CAIRO: Egypt hosted an emergency meeting Thursday of six Arab countries trying to forge a joint strategy against piracy in the Gulf of Aden, which threatens a crucial international trade route through the Suez Canal in the Red Sea - Egypt s key source of revenue.
The countries in the meeting were those who with Egypt share the Red Sea - Yemen, Saudi Arabia, Sudan and Jordan. A representative from Somalia s transitional government also attended the meeting behind closed doors in Cairo.
Egyptian diplomat Wafaa Bassem said ahead of the talks that the meeting would look into several options. They include setting up a piracy monitoring center, joint maneuvers by Arab navies, and warning systems for ships navigating through the Red Sea.
Egypt is concerned the piracy surge - especially since the hijacking of Saudi supertanker Sirius Star last week - will prompt shipping companies to opt for safer routes that avoid Egypt s Suez Canal, which links the Red Sea with the Mediterranean.
The pirates have stunned the maritime community with their brazen attacks, highlighted by the hijacking of the Saudi-owned supertanker loaded with $100 million worth of crude oil.
A coalition of warships from eight nations, as well as from NATO and the US Navy s 5th Fleet, is patrolling a critical zone in the Gulf of Aden, a vast expanse that is the only access to the Red Sea from the Indian Ocean and where most of the more than 80 attacks this year have occurred.
Major shipping companies said that they are considering other options including avoiding the passage through the Suez Canal to avoid having to go through the Gulf of Aden.
That means longer, costlier trips around the southern tip of Africa. Odfjell SE, a big Norwegian shipping group, took that step Tuesday, ordering its more than 90 tankers to take the long route.

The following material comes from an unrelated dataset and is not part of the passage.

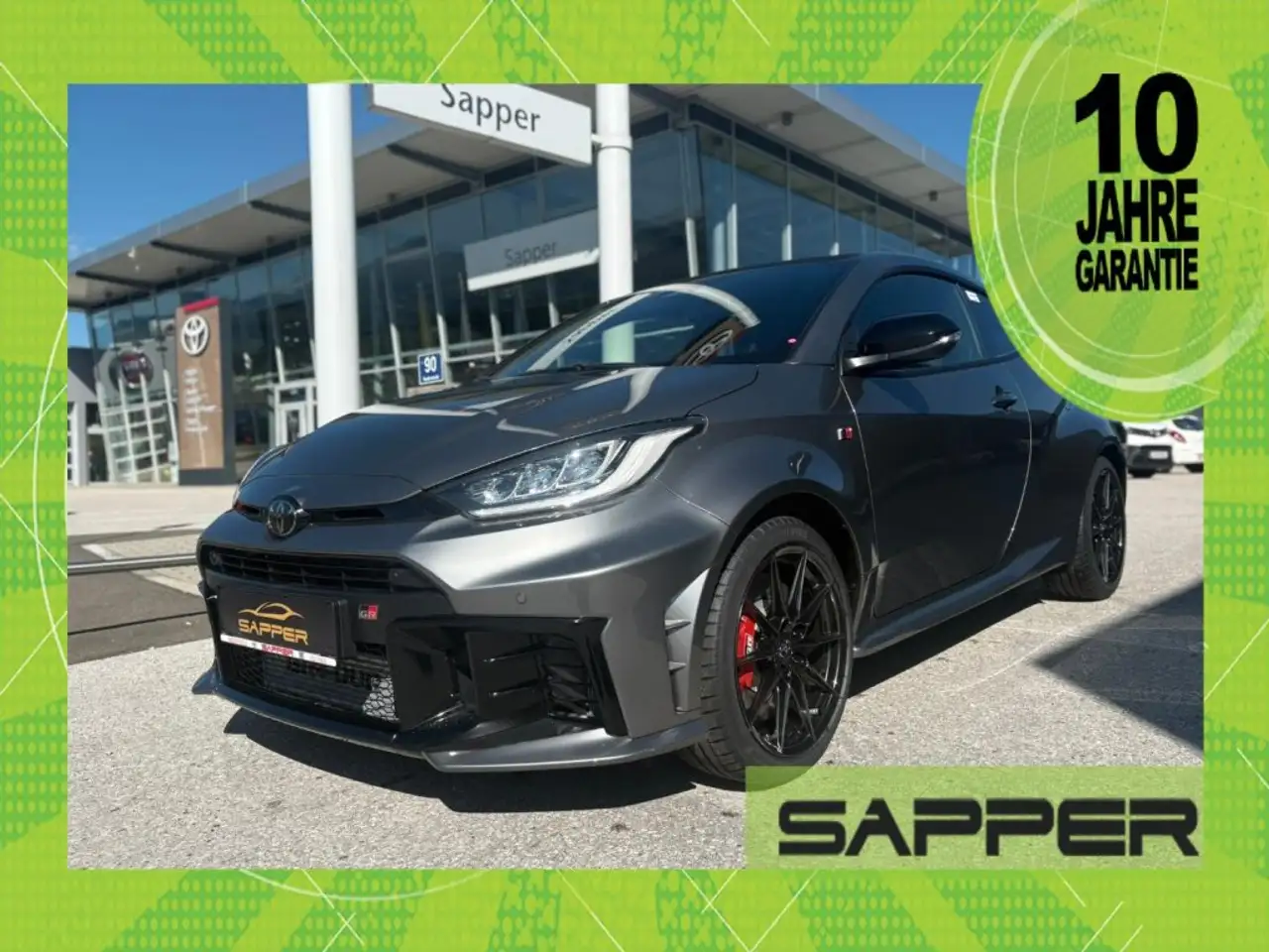 palladium silber, A2, 18" Leichtmetallfelgen, 15 Speichen, schwarz, Ablagefächer in den Türen, Konventionelle Handbremse, Ablagefach in der Mittelkonsole, Garantie, Fahrer- und Beifahrer-Airbag, (Beifahrerairbag deaktivierbar), Türgriffe außen in Wagenfarbe lackiert, Auf-& Abblendautomatik, Adaptiver Tempomat, Außenspiegel in Kontrastfarbe, schwarz, Scheibenbremsen vorne und hinten, Klimaautomatik, 2-Zonen, Dach aus Kohlefaser verstärktem Kunststoff, Kontrastfarbe, Multimedia Audiosystem Toyota Touch 2, Fernlicht-Assistent (AHB), JBL Premium-Soundsystem, Fahrersitz manuell längs- und höhenverstellbar, Handschuhfach, Torsen Sperrdifferential, Front-& Hinterachse, Reifenreparaturkit mit Kompressor und Dichtmittel, Uni-Lackierung, Pre-Collision System, Beifahrersitz manuell längsverstellbar, Rückfahrkamera, Sitzbezüge Alcantara®/ Leder mit GR-Logo, 3-Punkt-Sicherheitsgurte mit Sicherheitsgurtwarnsystem vorne mit Gurtstraffer und Gurtkraftbegrenzer, Toter Winkel Warner (BSM), Rückraumassistent, Seitenaufprallschutz, Heckscheibenheizung, Seitenairbag für Fahrer und Beifahrer, LED-Nebelscheinwerfer, Wegfahrsperre, elektronisch, Sportpedalerie (Aluminium), 8-Gang Automatisiertes Schaltgetriebe, Start & Stop System, ABS + EBD, Intelligentes Zugangssystem, Fahrmodi-Auswahl (Sport/Normal/Track), Motor-Unterfahrschutz, verstärkt, Digital Key, Auspuffendrohre, doppelbordig, verchomt, Sitzheizung für Fahrer und Beifahrer, Innenspiegel automatisch abblendend, Kopfairbag für Fahrer und Beifahrer, GR FOUR Allradsystem, Scheinwerfer Ein/Aus-Automatik mittels Lichtsensor, GR Sportsitze, Heckleuchten mit LED-Leuchtband und LED-Blinker, Bremssättel, rot mit GR-Logo, Kontrastnähte und Highlights in Silber oder Rot für Sitze, Lenkrad, Handbremse und Schaltknüppel, Fahrzeugstabilitäts- (VSC) und Traktionskontrolle (TRC), ISOFIX-Kindersitzbefestigung, Einparksensoren vorne und hinten, Abgedunkelte Scheiben ab der B-Säule, GR Lederlenkrad, beheizbar, Reifendruckwarnsystem, Spurhalte-Assistent (LDA) und Spurverfolgungs-Assistent (LTA), Servolenkung, elektrisch (EPS), geschwindigkeitsabhängig, 4,2" Multi-Informationsdisplay, Bremsassistent, Verkehrszeichen-Assistent, GR Serien-Hochleistungs-Fahrwerk, Berganfahrhilfe, Rücksitzbank geteilt umklappbar (60:40) (2 Sitzplätze), Fernbedienung für Zentralverriegelung, Ausstiegsassistent, LED-Frontscheinwerfer, Außenspiegel elektrisch beheiz-, verstell und einklappbar, Fensterheber vorne elektrisch mit Einklemmschutz, LED-Tagfahrlicht mit integrierten Blinkern, Scheinwerferhöhenverstellung manuell, 18" Leichtmetallfelgen, 10 Speichen, schwarz, Technik Paket

With three more ships captured since the Sirius Star was taken, Foreign Ministry spokesman Hossam Zaki said Egypt would consider all possibilities in dealing with the crisis.
The Egyptian national security establishment works intensively on all options, examines what measures could be taken in this regard, and decides whether a diplomatic and political solution will be preferred.
All options are open, Egypt s official MENA news agency quoted him as saying.
Egypt relies heavily on revenue from traffic using the Suez Canal, and Zaki said that some vessels are (now) taking alternative routes.
Suez is Egypt s third-largest source of revenue after tourism and remittances from expatriate workers, and currently about 7.5 percent of global trade passes through the canal.
The phenomenon is threatening navigation in the Red Sea, causing some vessels to take other routes, Zaki said.
He said Thursday s meeting aims to promote coordination among the Arab countries overlooking Red Sea to discuss this unusual situation.
Yemen, which is co-hosting the talks, last week complained that the heavy deployment of multinational naval forces in the Gulf of Aden to combat piracy could pose a threat to Arab security.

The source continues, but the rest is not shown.